Peter Lindgren
- Full name: Peter Lindgren
- Country (sports): Sweden
- Born: 1 June 1964 (age 60) Stockholm, Sweden
- Height: 5 ft 9 in (175 cm)
- Plays: Right-handed
- Prize money: $45,230

Singles
- Career record: 4–18
- Highest ranking: No. 119 (2 May 1988)

Grand Slam singles results
- Wimbledon: 1R (1988)

Doubles
- Career record: 1–2
- Highest ranking: No. 302 (10 August 1987)

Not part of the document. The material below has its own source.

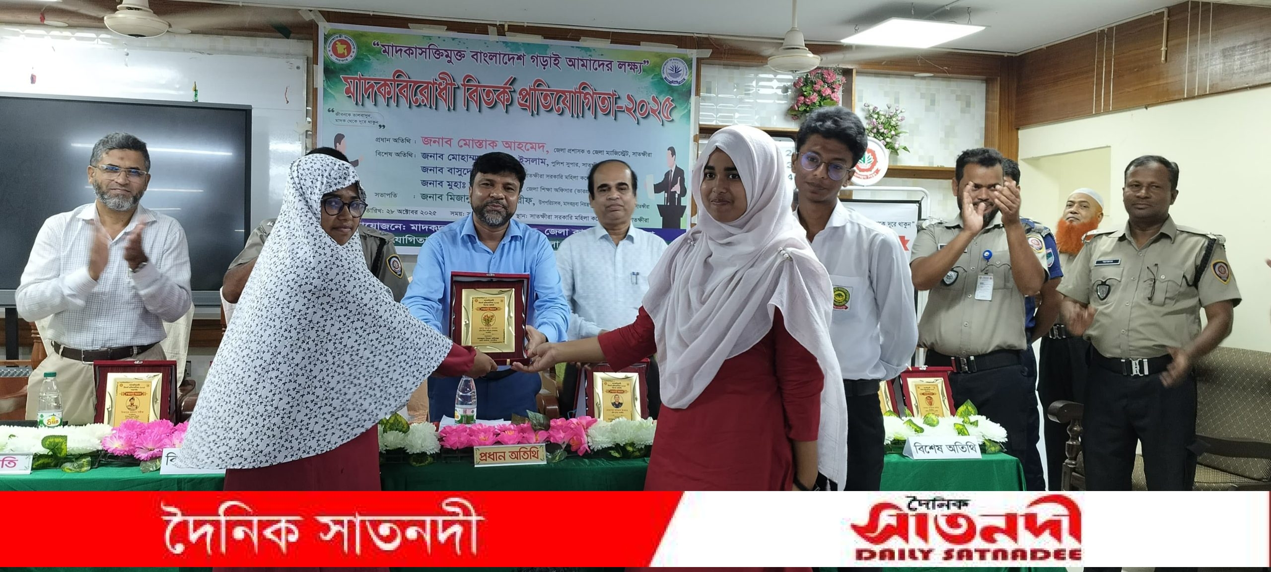 সাতক্ষীরা: মাদকদ্রব্য নিয়ন্ত্রণ অধিদপ্তর, সাতক্ষীরা জেলা কার্যালয়ের আয়োজনে অনুষ্ঠিত জেলা পর্যায়ের মাদকবিরোধী বিতর্ক প্রতিযোগিতায় চ্যাম্পিয়ন হয়েছে শ্যামনগর উপজেলার ছফিরুন্নেছা মাধ্যমিক বালিকা বিদ্যালয়। মঙ্গলবার (২৮ অক্টোবর ২০২৫) সকাল ১১টায় সাতক্ষীরা সরকারি মহিলা কলেজের অডিটোরিয়ামে অনুষ্ঠিত এ প্রতিযোগিতায় সভাপতিত্ব করেন মাদকদ্রব্য নিয়ন্ত্রণ অধিদপ্তর সাতক্ষীরা কার্যালয়ের উপ-পরিচালক মিজানুর রহমান শরীফ। অনুষ্ঠানে প্রধান অতিথি ছিলেন জেলা প্রশাসক ও জেলা ম্যাজিস্ট্রেট মোস্তাক আহমেদ। বিশেষ অতিথি হিসেবে উপস্থিত ছিলেন সাতক্ষীরা সরকারি মহিলা কলেজের অধ্যক্ষ প্রফেসর বাসুদেব বসু, উপাধ্যক্ষ প্রফেসর আবু হেনা মোস্তফা কামাল এবং জেলা মাধ্যমিক শিক্ষা অফিসার মাওলানা মুহা. আবুল খায়ের। বিতর্ক প্রতিযোগিতাটি সঞ্চালনা করেন জেলা দুর্নীতি প্রতিরোধ কমিটির সদস্য সাকিবুর রহমান বাবলা। বিচারক প্যানেলে ছিলেন সাতক্ষীরা আঞ্চলিক পাসপোর্ট অফিসের উপ-পরিচালক মুহা. আজমল কবির, জেলা শিশু বিষয়ক কর্মকর্তা মো. রিয়াজুল ইসলাম ও জেলা কালচারাল অফিসার ফাইজা হোসেন অন্বেষা। চার দলীয় এ প্রতিযোগিতায় অংশগ্রহণ করে সাতক্ষীরা সরকারি উচ্চ বিদ্যালয়, কলারোয়া পাইলট গার্লস মাধ্যমিক বিদ্যালয়, তালার কুমিরা বহুমুখী মাধ্যমিক বিদ্যালয় এবং শ্যামনগরের ছফিরুন্নেছা মাধ্যমিক বালিকা বিদ্যালয়। প্রথম পর্বে সাতক্ষীরা সরকারি উচ্চ বিদ্যালয়কে হারিয়ে কুমিরা বহুমুখী মাধ্যমিক বিদ্যালয় এবং কলারোয়া পাইলট গার্লস মাধ্যমিক বিদ্যালয়কে হারিয়ে ছফিরুন্নেছা মাধ্যমিক বালিকা বিদ্যালয় ফাইনালে ওঠে। শেষ পর্যন্ত কুমিরা বহুমুখী মাধ্যমিক বিদ্যালয়কে হারিয়ে চ্যাম্পিয়ন হয় শ্যামনগরের ছফিরুন্নেছা মাধ্যমিক বালিকা বিদ্যালয়। প্রতিযোগিতা শেষে চ্যাম্পিয়ন ও রানার্স-আপ দলকে পুরস্কৃত করা হয়। পাশাপাশি অতিথি, মডারেটর ও বিচারকদের সম্মাননা ক্রেস্ট প্রদান করা হয়। অনুষ্ঠানে উপস্থিত শিক্ষক-শিক্ষার্থীদের মধ্যে মাদকবিরোধী সচেতনতামূলক লিফলেট, ব্রোশিয়ার ও শিক্ষা সামগ্রী বিতরণ করা হয়।

= Peter Lindgren (tennis) =

Swedish tennis player

Peter Lindgren (born 1 June 1964) is a former professional tennis player from Sweden.

==Biography==
Lindgren, a right-handed player born in Stockholm, played on the professional tour in the 1980s. He had a career best ranking of 119 in the world and made his only main draw appearance in a grand slam tournament at the 1988 Wimbledon Championships, losing in the first round to Karel Nováček. His best performance on the Grand Prix circuit was an appearance in the round of 16 at the 1988 U.S. Pro Indoor, which included a 6–1, 6–0 win over fourth seed Eduardo Bengoechea. He also beat top 50 players Ramesh Krishnan and Ulf Stenlund during his career.